Instead, those unique quirks are part of a constellation of mutations which appear to grant Omicron the uncanny ability to spread rapidly between human hosts, leaving other variants in its dust.

WATCH | 'Dangerous' to assume Omicron last variant, says WHO:

'Dangerous' to assume Omicron last variant, says WHO

3 years ago
Duration 1:14
A much higher global vaccination rate is needed to thwart coronavirus variants and end the acute phase of the pandemic, says World Health Organization Director General Tedros Adhanom Ghebreyesus.

What's concerning, Martin said, isn't just that puzzling original Omicron lineage, but the fact that BA.2 and other lineages exist as well — all closely related, yet with unique properties, raising questions over how each evolved fast enough to be discovered by scientists around the same time. 

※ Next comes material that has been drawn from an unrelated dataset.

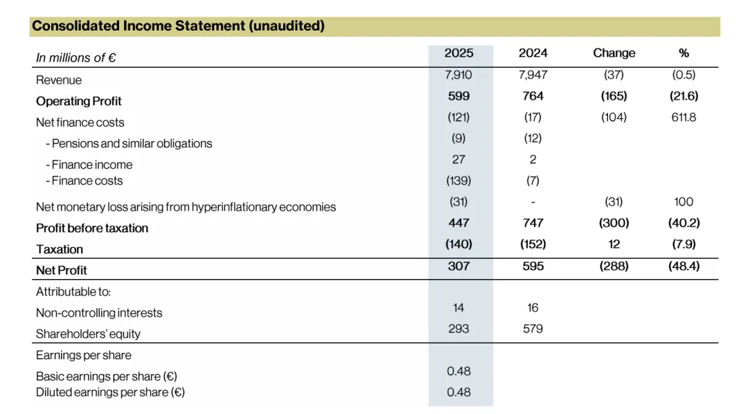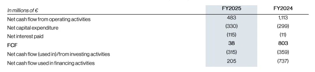 对于全年净利润的大幅下滑,梦龙方面在财报中作出明确说明,称报告期内净利润承压,主要受分拆上市相关的财务成本增加、全球汇率波动带来的汇兑损失等多重因素的综合拖累。而在净利润近乎腰斩之外,公司现金流端的表现更引发了市场的重点关注。财报数据显示,2025 年全年,梦龙的自由现金流仅为 3800 万欧元,相较于 2024 年同期 8.03 亿欧元的规模,同比暴跌幅度达到 95%,出现了断崖式的收缩。

"How did a virus with a much lower mutation rate than viruses like HIV and influenza manage, in a linear, stepwise, process, to string together such large sets of interacting mutations, when each mutation on its own would have reduced its fitness?" Martin questioned. 

"The conditions under which this evolution occurred might need to be quite different than those of a normal short-term SARS-CoV-2 infection."

Some scientists have theorized that Omicron developed during a long-lasting infection in an immunocompromised patient, or within animal hosts before suddenly spreading back to humans with explosive force. 

However Omicron came to be, its existence — and continual shape-shifting — hints at this virus's capacity for radical evolution if infections remain at high levels around the world.

"It behaves like we could predict," Grandvaux said. "It mutates as it's transmitting."

ABOUT THE AUTHOR

Lauren Pelley

Senior Health & Medical Reporter

Lauren Pelley covers the global spread of infectious diseases, pandemic preparedness and the crucial intersection between health and climate change. She's a two-time RNAO Media Award winner for in-depth health reporting in 2020 and 2022, a silver medallist for best editorial newsletter at the 2024 Digital Publishing Awards, and a 2024 Covering Climate Now award winner in the health category. Contact her at: lauren.pelley@cbc.ca.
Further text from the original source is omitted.